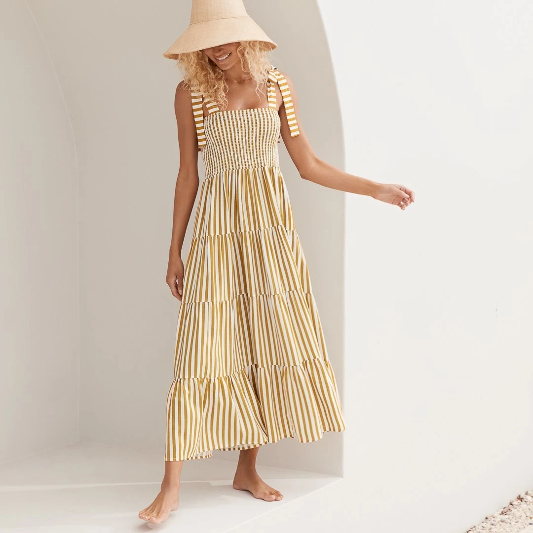 Tie the (boat) knot In the Savannah Tie Dress In San Pedro. A breezy and versatile addition to your summer wardrobe arsenal with its stripes and straps. This one is a keeper.
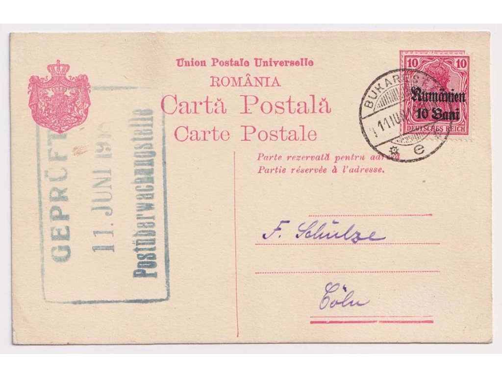 Poštovní dopisnice, Rumunsko, rumunská dopisnice přelepená zn. 10Bani/10Pf Germanie, DR Bukarest, prošlé v roce 1918, fil. korespondence, bez textu, ohnutý růžek - viz. foto
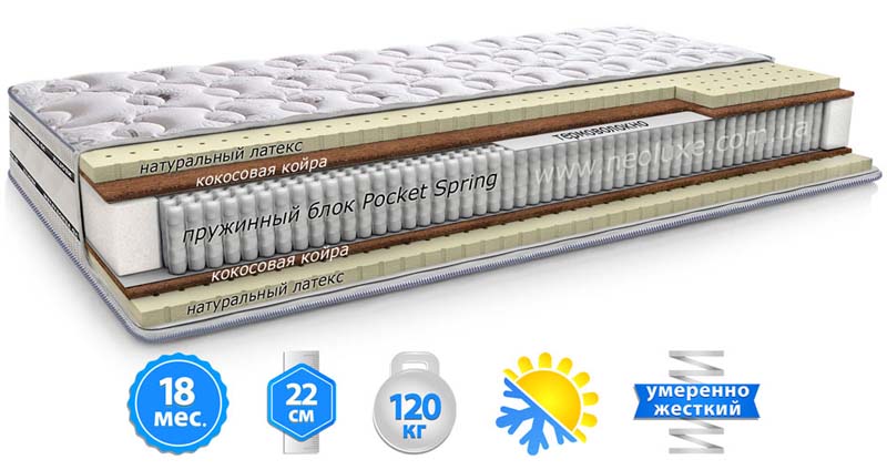 Тип Пружинні Жорсткість 3 4 Наповнювач Softex Бавовна Softex Вовна Thermofelt Захисне полотно Spand Guard Латексована бавовна Вид Pocket Spring Вид жорсткості Середня/Жорстка ОсобливостіОсобливості Двосторонній З єврокаркасом Ефект “зима-літо” Висота 20 см Максимальне навантаження на 1 спальне місце 150 кг Шари ортопедичного матрацу PhytoLife Energy cocos Softex Бавовна — Індивідуальна, унікальна розробка компанії Usleep. Шар […]
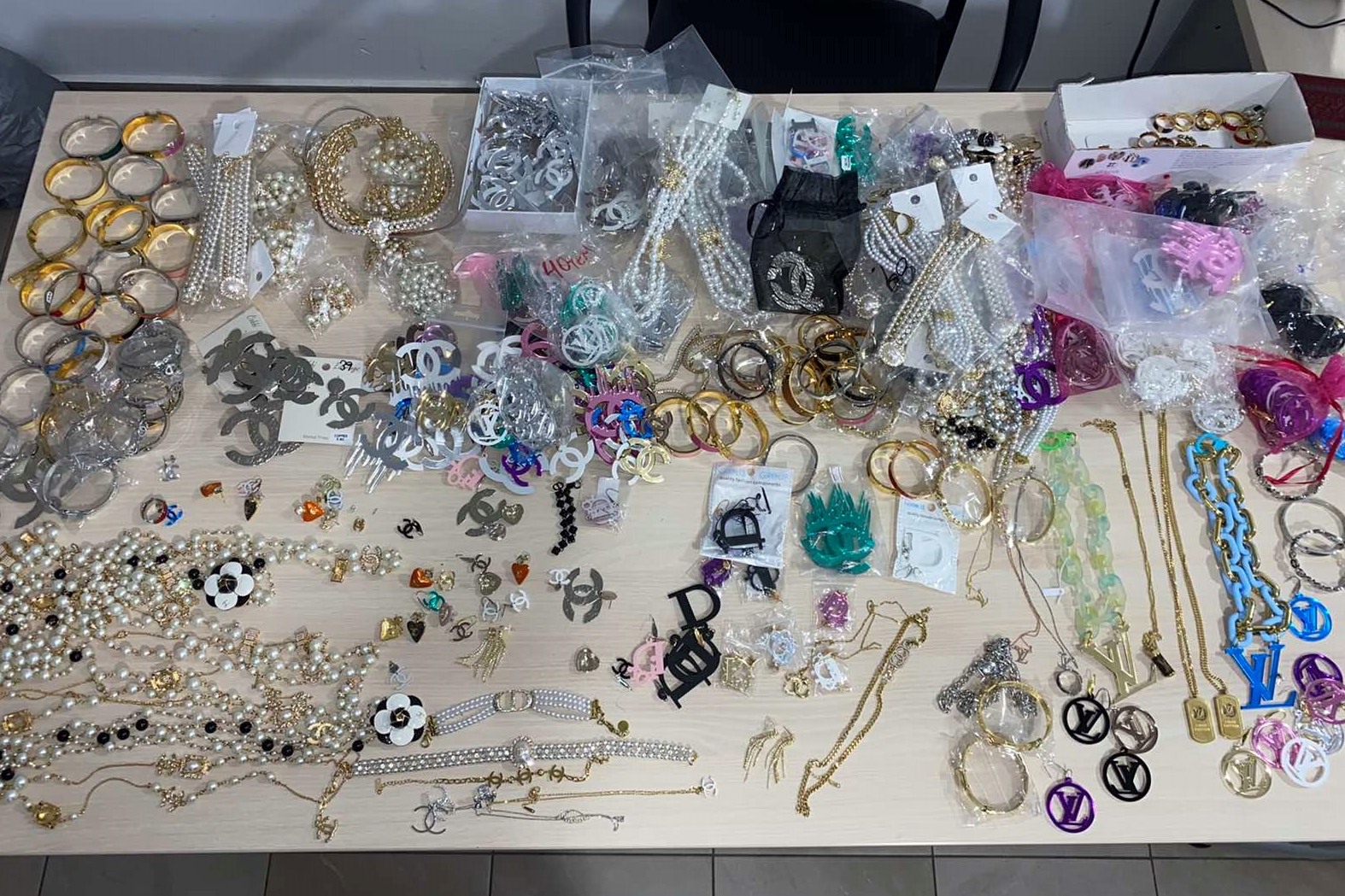 Ειδικότερα, στο πλαίσιο αστυνομικών δράσεων για την καταπολέμηση του παραεμπορίου – της διακίνησης απομιμητικών προϊόντων και την προστασία του καταναλωτικού κοινού, χθες το μεσημέρι έπειτα από έλεγχο που έγινε σε δύο εμπορικά καταστήματα, τα οποία λειτουργούσαν ως προσωρινά υπεύθυνοι οι συλληφθέντες, βρέθηκαν να διατίθενται προς πώληση συνολικά -886- τεμάχια ειδών αξεσουάρ (βραχιόλια, δακτυλίδια, σκουλαρίκια, κολιέ) τα οποία όπως διαπιστώθηκε αποτελούν προϊόντα απομίμησης, παραποίησης και αντιγραφής γνήσιων εμπορικών σημάτων γνωστών εταιρειών.
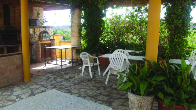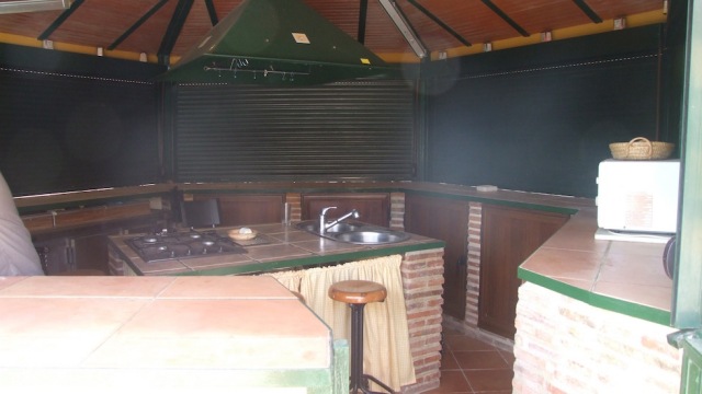 La casa en sà se sentó en una parcela de 9000m2 de terreno y se distribuye de la siguiente manera. La entrada a la casa le conduce a través de un luminoso jardÃn de invierno. La amplia sala de estar con una hermosa chimenea y techos altos con vigas y la cocina son un punto focal central de la casa. Los 5 dormitorios y 2 baños se ramifican a partir de esta área. Los dormitorios tienen un nivel muy alto con la inclusión de armarios empotrados en todas ellas.
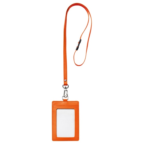 | 商品仕様 | ●色/オレンジ ●ケースサイズ/タテ112×ヨコ78mm ●適応カードサイズ/タテ85~91×ヨコ66mm ●窓サイズ/タテ80×ヨコ50mm ●ひもサイズ/10×885mm(吊り下げ金具除く) ●中紙/あり ●長さ調節/不可 ●材質/本体:牛革、金具:スチール、表示面:PVC、セーフティパーツ:ナイロン ●その他仕様/収納カード寸法厚み:2mm以内、裏面:ポケット付 ●ストラップ色/オレンジ(系) |
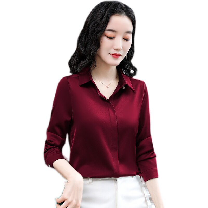 Di Tudun Satin Shirt Woman Long Sleeve 2022 Spring Autumn Clothing High End Workplace Women's Temperament Big Card Satin Top
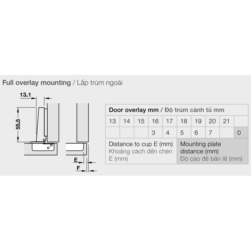 Chiều sâu lỗ khoan: Chén bản lề 12 mm
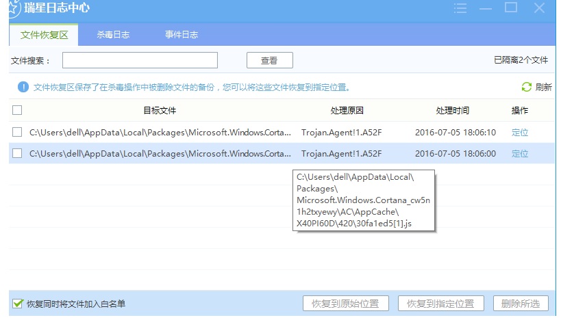 目测误报。不过报的是Cortana的临死缓存文件,没太大关系,不影响使用。
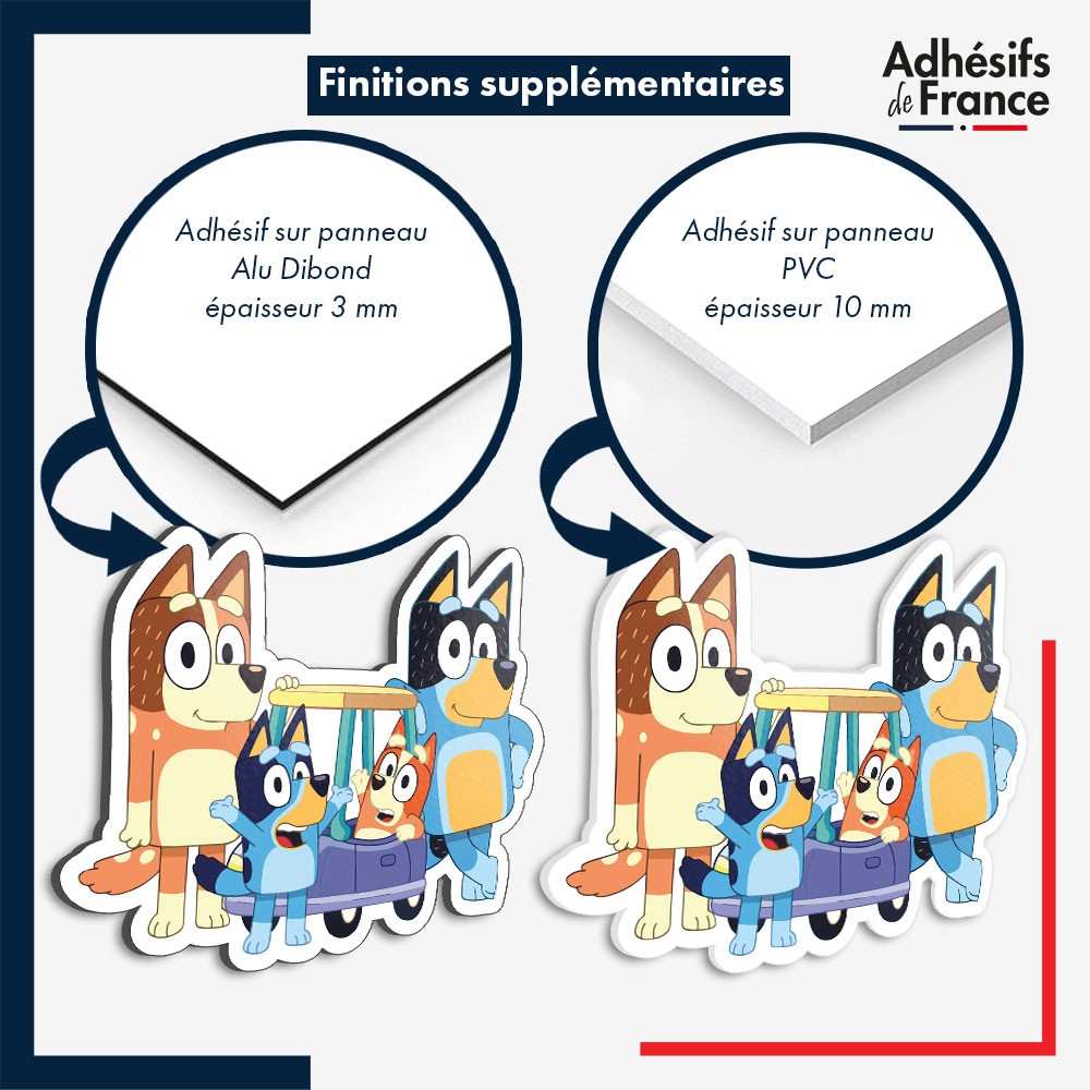 Les autocollants Bluey ou les plaques décoratives rigides en PVC ou aluminium Dibond sont d'excellentes idées de cadeau pour les anniversaires, fêtes ou petites attentions. Les enfants seront ravis de retrouver leurs héros préférés dans une version ludique et colorée.

■ The task:
Retype everything in the material word for word, minus pictures.

■ Response box:
 Tie the (boat) knot In the Savannah Tie Dress In San Pedro. A breezy and versatile addition to your summer wardrobe arsenal with its stripes and straps. This one is a keeper.
 Poštovní dopisnice, Rumunsko, rumunská dopisnice přelepená zn. 10Bani/10Pf Germanie, DR Bukarest, prošlé v roce 1918, fil. korespondence, bez textu, ohnutý růžek - viz. foto
 Тип Пружинні Жорсткість 3 4 Наповнювач Softex Бавовна Softex Вовна Thermofelt Захисне полотно Spand Guard Латексована бавовна Вид Pocket Spring Вид жорсткості Середня/Жорстка ОсобливостіОсобливості Двосторонній З єврокаркасом Ефект “зима-літо” Висота 20 см Максимальне навантаження на 1 спальне місце 150 кг Шари ортопедичного матрацу PhytoLife Energy cocos Softex Бавовна — Індивідуальна, унікальна розробка компанії Usleep. Шар […]
 Ειδικότερα, στο πλαίσιο αστυνομικών δράσεων για την καταπολέμηση του παραεμπορίου – της διακίνησης απομιμητικών προϊόντων και την προστασία του καταναλωτικού κοινού, χθες το μεσημέρι έπειτα από έλεγχο που έγινε σε δύο εμπορικά καταστήματα, τα οποία λειτουργούσαν ως προσωρινά υπεύθυνοι οι συλληφθέντες, βρέθηκαν να διατίθενται προς πώληση συνολικά -886- τεμάχια ειδών αξεσουάρ (βραχιόλια, δακτυλίδια, σκουλαρίκια, κολιέ) τα οποία όπως διαπιστώθηκε αποτελούν προϊόντα απομίμησης, παραποίησης και αντιγραφής γνήσιων εμπορικών σημάτων γνωστών εταιρειών.
 La casa en sà se sentó en una parcela de 9000m2 de terreno y se distribuye de la siguiente manera. La entrada a la casa le conduce a través de un luminoso jardÃn de invierno. La amplia sala de estar con una hermosa chimenea y techos altos con vigas y la cocina son un punto focal central de la casa. Los 5 dormitorios y 2 baños se ramifican a partir de esta área. Los dormitorios tienen un nivel muy alto con la inclusión de armarios empotrados en todas ellas.
 | 商品仕様 | ●色/オレンジ ●ケースサイズ/タテ112×ヨコ78mm ●適応カードサイズ/タテ85~91×ヨコ66mm ●窓サイズ/タテ80×ヨコ50mm ●ひもサイズ/10×885mm(吊り下げ金具除く) ●中紙/あり ●長さ調節/不可 ●材質/本体:牛革、金具:スチール、表示面:PVC、セーフティパーツ:ナイロン ●その他仕様/収納カード寸法厚み:2mm以内、裏面:ポケット付 ●ストラップ色/オレンジ(系) |
 Di Tudun Satin Shirt Woman Long Sleeve 2022 Spring Autumn Clothing High End Workplace Women's Temperament Big Card Satin Top
 Chiều sâu lỗ khoan: Chén bản lề 12 mm
 目测误报。不过报的是Cortana的临死缓存文件,没太大关系,不影响使用。
 Les autocollants Bluey ou les plaques décoratives rigides en PVC ou aluminium Dibond sont d'excellentes idées de cadeau pour les anniversaires, fêtes ou petites attentions. Les enfants seront ravis de retrouver leurs héros préférés dans une version ludique et colorée.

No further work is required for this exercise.